Aislamiento de AppContainer

El aislamiento es el objetivo principal de un entorno de ejecución de AppContainer. Al aislar una aplicación de recursos innecesarios y otras aplicaciones, se minimizan las oportunidades de manipulación malintencionada. Conceder acceso basado en privilegios mínimos impide que las aplicaciones y los usuarios accedan a los recursos más allá de sus derechos. Controlar el acceso a los recursos protege el proceso, el dispositivo y la red.

La mayoría de las vulnerabilidades de Windows comienzan con la aplicación. Algunos ejemplos comunes incluyen una aplicación que sale de su explorador o envía un documento incorrecto a Internet Explorer, así como la explotación de complementos, como flash. Cuantos más se puedan aislar estas aplicaciones en un AppContainer, más seguro será el dispositivo y los recursos. Incluso si se aprovecha la vulnerabilidad en una aplicación, la aplicación no puede acceder a los recursos más allá de lo que se concede a AppContainer.

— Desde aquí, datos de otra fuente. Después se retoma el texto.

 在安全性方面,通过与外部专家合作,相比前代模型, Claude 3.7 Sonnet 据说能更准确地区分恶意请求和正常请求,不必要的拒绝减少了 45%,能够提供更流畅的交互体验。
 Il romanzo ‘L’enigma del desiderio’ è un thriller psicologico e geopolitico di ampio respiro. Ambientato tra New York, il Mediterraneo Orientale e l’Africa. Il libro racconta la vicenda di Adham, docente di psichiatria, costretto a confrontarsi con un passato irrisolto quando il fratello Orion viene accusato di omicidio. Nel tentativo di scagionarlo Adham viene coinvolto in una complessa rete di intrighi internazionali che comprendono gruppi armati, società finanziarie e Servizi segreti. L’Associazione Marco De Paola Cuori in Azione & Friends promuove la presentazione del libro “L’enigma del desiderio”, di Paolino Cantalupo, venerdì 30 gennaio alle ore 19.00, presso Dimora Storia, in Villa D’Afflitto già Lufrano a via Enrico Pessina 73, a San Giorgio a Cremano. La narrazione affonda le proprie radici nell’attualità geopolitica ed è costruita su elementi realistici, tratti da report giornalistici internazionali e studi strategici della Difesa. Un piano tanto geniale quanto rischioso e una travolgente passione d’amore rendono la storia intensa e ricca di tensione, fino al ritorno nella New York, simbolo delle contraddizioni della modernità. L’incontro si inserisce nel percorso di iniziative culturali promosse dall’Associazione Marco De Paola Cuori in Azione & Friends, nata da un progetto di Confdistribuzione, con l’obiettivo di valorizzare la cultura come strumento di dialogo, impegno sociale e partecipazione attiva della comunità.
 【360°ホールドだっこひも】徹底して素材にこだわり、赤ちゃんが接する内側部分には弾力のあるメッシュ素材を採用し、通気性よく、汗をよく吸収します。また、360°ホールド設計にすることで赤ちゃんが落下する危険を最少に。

Las aplicaciones malintencionadas no pueden asumir el resto de la máquina.

Aislamiento de credenciales

La administración de identidades y credenciales, AppContainer impide el uso de credenciales de usuario para obtener acceso a los recursos o iniciar sesión en otros entornos. El entorno de AppContainer crea un identificador que usa las identidades combinadas del usuario y la aplicación, por lo que las credenciales son únicas para cada emparejamiento de usuario y aplicación, y la aplicación no puede suplantar al usuario.

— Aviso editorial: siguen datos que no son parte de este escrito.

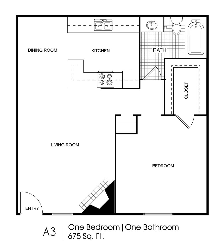 Apartment Model: A3From $8301 Bedroom, 1 Bath, 674 sq ftAvailable Now![]()
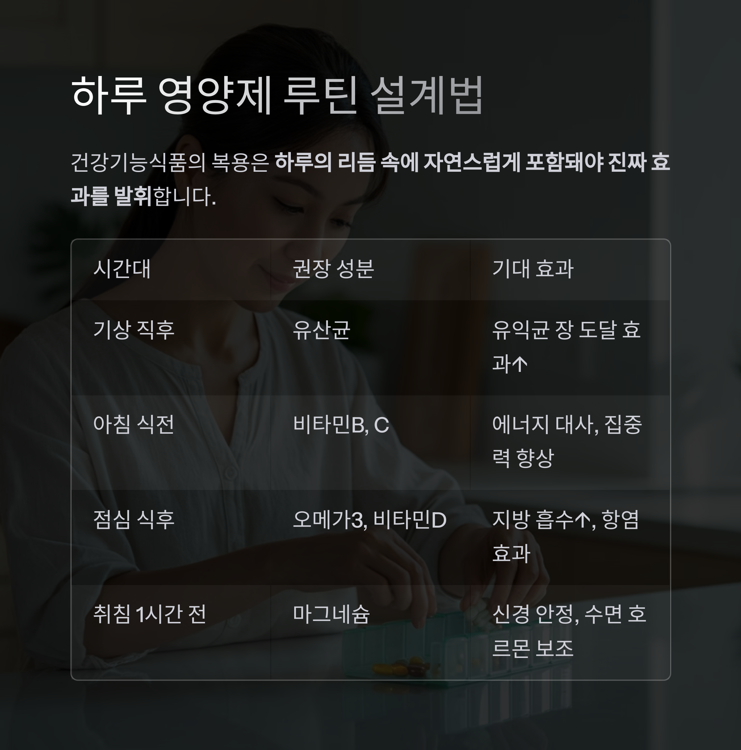종류별 건강기능식품 복용 시간과 루틴 정리법을 자세히 안내합니다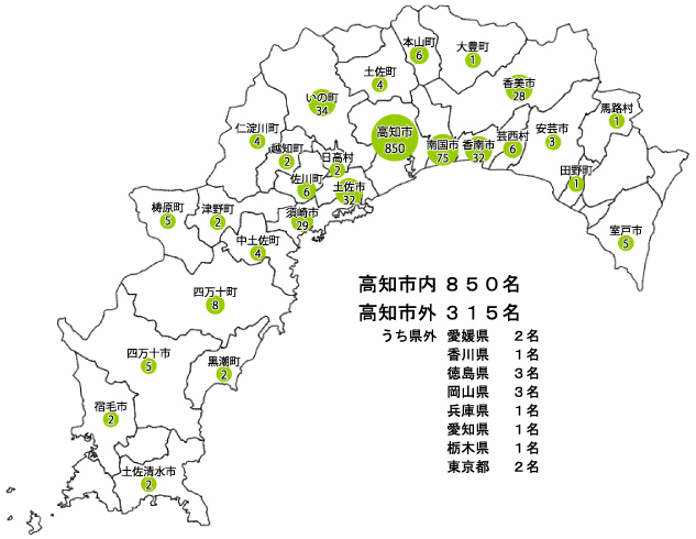 | 計 | 14 | 145 | 166 | 275 | 295 | 126 | 61 | 55 | 28 | 1165 |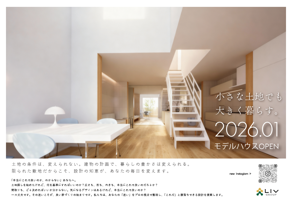 「小さな土地でも、大きく暮らす」モデルハウス 2026.01 OPEN予定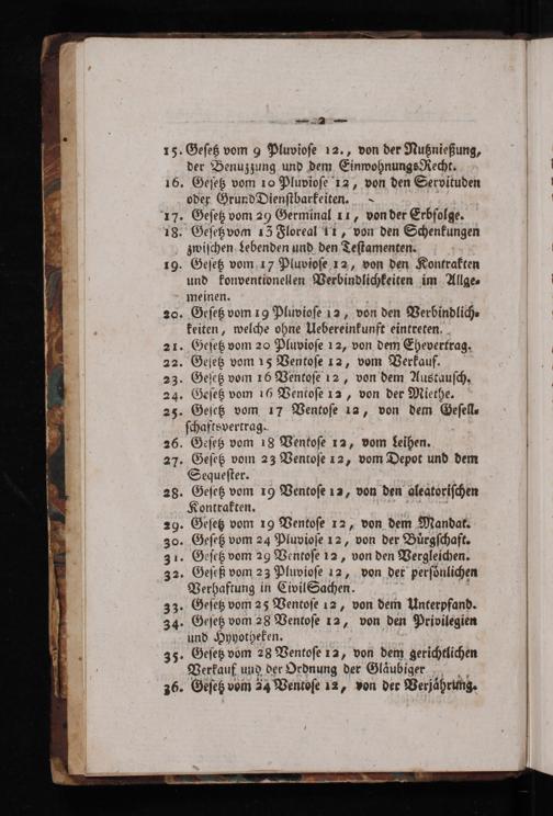 15. Geſetz vom 9 Pluvioſe 12., von der Nutznießung, der Benuzzung und dem EinwohnungsRecht. 16. Geſetz vom 10 Pluvioſe 12, von den Servituden

Aislamiento de dispositivos

Aislar la aplicación de los recursos del dispositivo, como sensores pasivos (cámara, micrófono, GPS) y bombas de dinero (3G/4G, teléfono telefónico) el entorno de AppContainer impide que la aplicación aproveche malintencionadamente el dispositivo. Estos recursos están bloqueados de forma predeterminada y se puede conceder acceso según sea necesario. En algunos casos, estos recursos están protegidos aún más por "agentes". Algunos recursos, como el teclado y el mouse, siempre están disponibles para la aplicación AppContainer y residente.

Aislamiento de archivos

Controlar el acceso a archivos y registros, el entorno de AppContainer impide que la aplicación modifique los archivos que no debería. Se puede conceder acceso de lectura y escritura a archivos persistentes específicos y claves del Registro. El acceso de solo lectura está menos restringido. Una aplicación siempre tiene acceso a los archivos residentes en memoria creados específicamente para ese AppContainer.

Aislamiento de red

Aislar la aplicación de los recursos de red más allá de los asignados específicamente, AppContainer impide que la aplicación "escape" de su entorno y aproveche malintencionadamente los recursos de red. Se puede conceder acceso pormenorizados para el acceso a Internet, el acceso a la intranet y actuar como servidor.

Aislamiento de procesos

El espacio aislado de los objetos de kernel de la aplicación, el entorno de AppContainer impide que la aplicación afecte a otros procesos de aplicación o los influga. Esto evita que una aplicación contenida correctamente dañe otros procesos en caso de una excepción.

Aislamiento de ventana

Aislar la aplicación de otras ventanas, el entorno de AppContainer impide que la aplicación afecte a otras interfaces de aplicación.